Reward the Good Soldier: A Dynamic Approach to Consumer Cost-Sharing for Prescription Drugs
Access to, and levels of spending on, prescription drugs has become an important public policy issue. Given the significant individual and population health gains that result from the appropriate use of prescription drugs, as well as the fiscal concerns pertaining to the escalation of health care expenditures, the development and implementation of patient-centered solutions that allow access to medications at an affordable cost are of critical importance.
One common strategy that healthcare purchasers employ to control pharmaceutical spending is to increase consumer cost-sharing. This trend—seen for nearly all drugs across all formulary tiers—has proceeded regardless of the clinical benefit provided by a specific drug, with cost-sharing increasing as rapidly for high-value drugs (eg, included in evidence-based guidelines) as for drugs deemed unnecessary or potentially harmful.1 As consumers are asked to pay a greater proportion of their medication expenses, cost-related nonadherence is an important and growing problem.
A robust body of peerreviewed evidence demonstrates that cost-related non-adherence exists for high-value medical services across the entire episode of clinical care, including clinician visits, diagnostic tests, and especially prescription medications.2,3,4 Nearly 1 in 5 insured adults report going without needed care due to cost.5 Sub-optimal use of evidence-based services results in poor patient-centered outcomes and, in some scenarios, higher expenditures for both the patient and the third-party payer.
An important aim of a multi-tier prescription drug formulary—largely driven by fiscal constraints—is to encourage patients to use effective, lower-cost medications. Such approaches to pharmaceutical management (eg, generic substitution and prior authorization) have been utilized for decades with varying effects on spending. A recommendation that patients are initially prescribed lower cost medication(s) is a reasonable population health strategy, given that a first-line medication will often be effective and, given the relative lower cost, will be considered high-value for that patient and for the payer. However, it is not uncommon that certain patients cannot be prescribed (eg, due to drug allergy or drug-drug interaction), or do not respond to, first-line, lower-cost medications. In these frequent clinical scenarios, an individual will require a substitute or an additional drug to achieve patient-centered clinical outcomes. In these situations, the first-line drug is no longer high-value and a clinically indicated, higher-cost alternative becomes a higher value choice. Therefore, the level of consumer cost-sharing for higher cost medication should be aligned with the clinical value—not solely the price—when lower-cost alternatives do not produce the desired patient-centered outcomes.
The concept of aligning patients’ out-of-pocket costs—such as copayments, co-insurance, and deductibles—with the value of healthcare services is the basic premise of Value-Based Insurance Design (VBID).6 This approach to designing benefit plans recognizes that specific health services have different levels of value. Thus, VBID programs are designed with the tenets of "clinical nuance" in mind, which recognize that 1) medical services differ in the amount of health produced, and 2) the clinical benefit derived from a specific service depends on the consumer using it, as well as when, where, and by whom the service is provided. VBID takes into account that the same pharmaceutical agent can be both high value and low value depending on patient demographics, the disease treated, or the stage of a specific clinical condition.

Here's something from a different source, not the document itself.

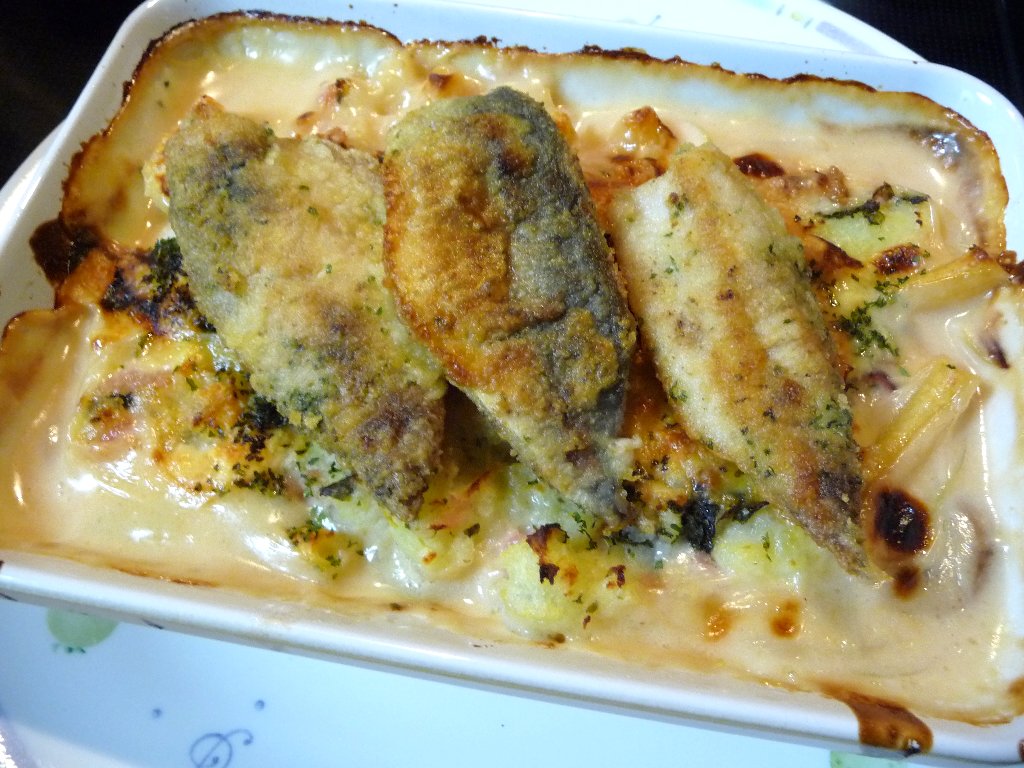 夜はアジをかりかりに焼いたののっけてグラタン♪
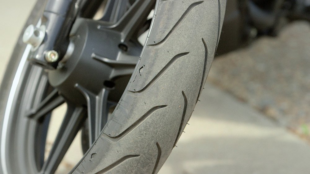The Michelin Scorcher tires are rapidly becoming a favorite of mine. I think they could be one of the best OEM tires I have used. RevZilla Product Specialist Ed Wildman has been riding for a long time, and I think he summed it up well: “You don’t even notice or think about the tires.” For a factory tire, I think that’s about the highest praise that could be given. The narrow sizes help keep the handling nimble.

The ongoing transformation to "precision" preventive care, diagnostics, and therapies provides a clear impetus to include clinical nuance in setting prescription drug cost-sharing levels. To keep pace with the rapid movement toward targeted clinical interventions, the existing "static" drug cost-sharing structure should evolve to a more "dynamic" configuration. Such a transition to a more nuanced approach is supported by several factors, including: 1) an increasing number of evidence-based protocols recommending specific genetic markers, companion diagnostics, or patient-specific factors; and 2) the natural history of many chronic conditions often necessitates the use of multiple evidence-based therapies to achieve desired clinical outcomes. Clinical scenarios often require a patient to take multiple drugs simultaneously and/or cycle through multiple drugs to effectively treat a specific condition.